Snagging some of HTC's phone-making talent is a huge step for Google, but it doesn't address the real elephant in the room with the company's hardware efforts.

Google HTC Deal Pixel Phone
Google

Sometimes, big news can take a while to process.

I've been spending the past several days thinking about last week's revelation that, yes, Google is buying a piece of HTC. The announcement wasn't quite the bombshell lots of folks were expecting – y'know, the "HOLY HELL, GOOGLE ABSORBED ANOTHER ENTIRE PHONE-MAKER!" variety – but it's still pretty darn significant.

Google, as you no doubt know by now, paid a whopping $1.1 billion to bring a bunch of HTC's smartphone brainiacs into its employ. Most of those people were apparently already working with Google on the company's Pixel products. So in other words, Google hired its own dedicated team of former contractors to help create its future devices.

I probably don't have to spell out how that supports the signs of grand ambition we saw at the start of Google's Pixel journey. "If you're looking at Google's Pixel as 'Just Another Android Phone,'" I wrote last fall, "you're missing what really matters." You know what I'm getting at, right?

The Pixel program picked up where the short-lived Motorola ownership experiment left off, but with one key difference: This time, Google is creating and controlling devices completely on its own terms – and without any pre-existing parameters or limitations. This time, the phone-making organization is very much a part of Google itself and not a sprawling separate company with its own baggage. And this time, as I wrote almost exactly one year ago, the stakes are especially high:

With the way Google's projects and priorities are evolving, Android by itself ... is no longer guaranteed to address all of the company's future-looking goals. And Google is no longer willing to sit back and watch helplessly as others manipulate and distort its broader vision.

So that brings us back to today. Spending a cool billion on some of HTC's smartphone-making assets obviously gives Google more gas to create and fully develop its own hardware products. From a business perspective, we know why Google wants that. What we don't know – and what I'm not yet entirely convinced of – is how much difference that extra fuel will make.

Think about it: Nitpicks aside, Google's Pixel phone has basically been a critical success from the start. Even a year after its debut, the phone has remained a standard of comparison to which all other Android devices are held – and generally not to their benefit. That's mostly due to the Pixel's prowess in areas where other Android device-makers can't (or won't) compete.

Significant as that is, though, ask an average non-tech-obsessed smartphone user what they think about the Pixel – and all you're likely to get in response is a glossy-eyed stare. Google may be positioning the Pixel as a mainstream device and even marketing it as such, to a degree, but it hasn't yet managed to break through that Samsung-scented wall and make its phone impactful in any broad and practical sense.

That's a critical challenge – and one all the engineering talent in the world can't help overcome. We've seen countless incredible phones come and go almost unnoticed in the realm of Android, particularly here in America. Their quality is but a tiny piece of the overall puzzle and almost becomes irrelevant. Without ubiquitous availability and an effective marketing message, hardly anyone sees, thinks about, or buys the damn things – and they drown in obscurity without ever making a meaningful splash.
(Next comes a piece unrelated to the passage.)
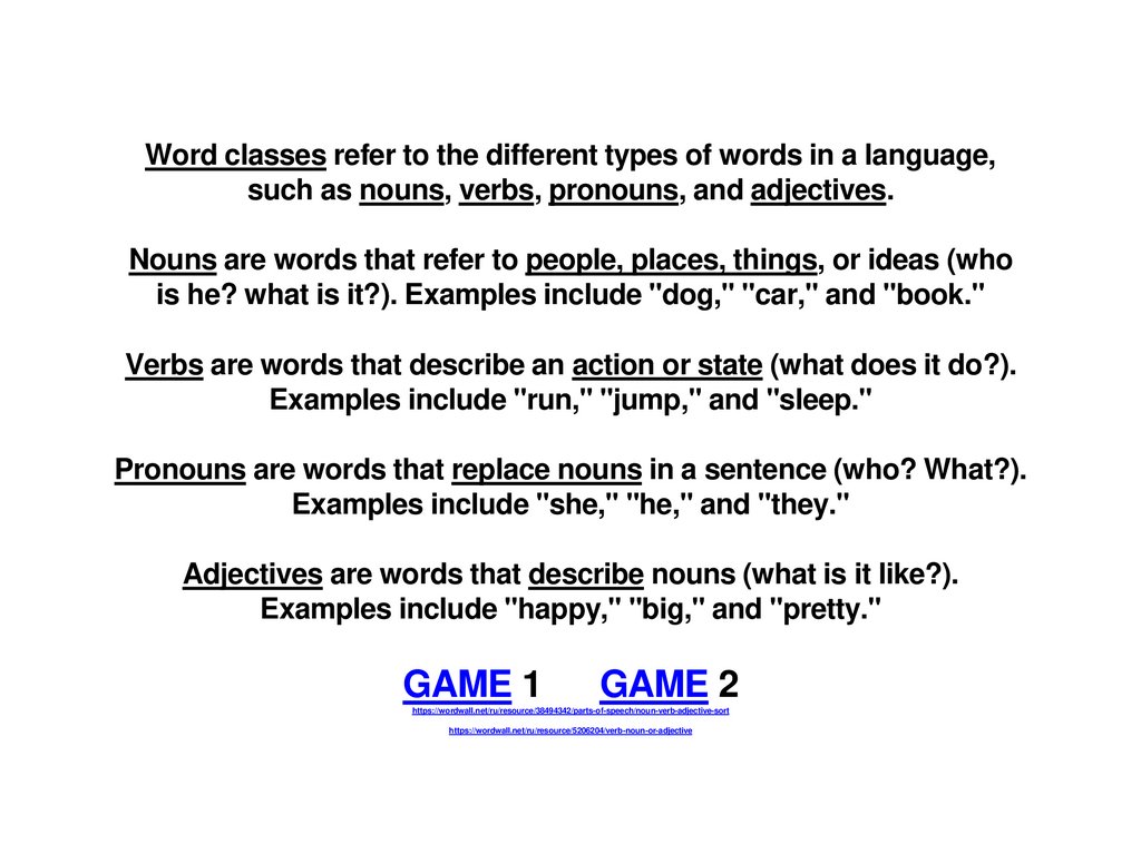 Word classes refer to the different types of words in a language,such as nouns, verbs, pronouns, and adjectives.

The first-gen Pixel was confusingly touted as a "Verizon exclusive" in the U.S., which meant no other carrier would sell it in its stores or online. Sure, you could buy the phone directly from Google and use it on practically any network, but that doesn't mean much in a big-picture sense (nor is it something most people would realize without taking the time to research the subject). Silly as it may seem to those of us in the know, the vast majority of folks in the States – nearly 88% of all smartphone shoppers, according to a late-summer analysis by The NPD Group – still buy their phones from carriers.
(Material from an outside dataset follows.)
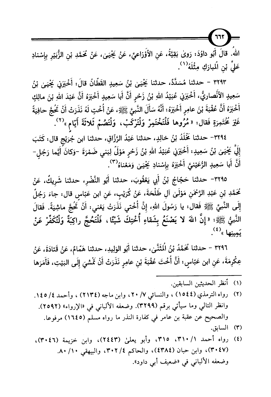 3293 - حدثنا مُسَدَّدٌ، حدثنا يَحْيَى بْنُ سَعِيدٍ القَطّانُ قالَ: أَخْبَرَني يَحْيَى بْنُ سَعِيدٍ الأَنْصاريُّ، أَخْبَرَني عُبَيْدُ اللهِ بْنُ زَحْرٍ أَنَّ أَبا سَعِيدٍ أَخْبَرَهُ أَنَّ عَبْدَ اللهِ بْنَ مالِكٍ أَخْبَرَهُ أَنَّ عُقْبَةَ بْنَ عامِرٍ أَخْبَرَهُ: أنَّهُ سَأَلَ النَّبيَّ - صلى الله عليه وسلم -، عَنْ أُخْتٍ لَهُ نَذَرَتْ أَنْ تَحُجَّ حافِيَة غَيْرَ مُخْتَمِرَةٍ فَقال: "مُرُوها فَلْتَخْتَمِرْ وَلْتَرْكَبْ، وَلْتَصُمْ ثَلاثَةَ أَيّامٍ" (¬2).

The resulting reality is simple: If you want your device to matter to the masses, you've gotta get it on those store shelves – all of 'em, not just a single carrier's. You've gotta make sure people see the device and can readily purchase it everywhere, and you've gotta make sure they know why it's better than the more familiarly branded alternatives.

I don't know that it's fair to expect Google to achieve anything on that scale with its first attempt at a holistic and mainstream-ready phone. And I don't know that Google itself intended or expected to achieve anything close to that level right out of the gate, either. All signs suggest the company had more modest goals with these early go-rounds – and that the inevitable full push into competing-for-major-market-share status has yet to begin.

What remains to be seen is if that's a challenge Google will eventually be able to master – and if so, how long it'll take for that moment to arrive. We already knew Google could create a fantastic Android phone. Having some of HTC's finest minds in-house will undoubtedly make those efforts more efficient, but it's the next step that'll provide the most pivotal and uncertain test of all.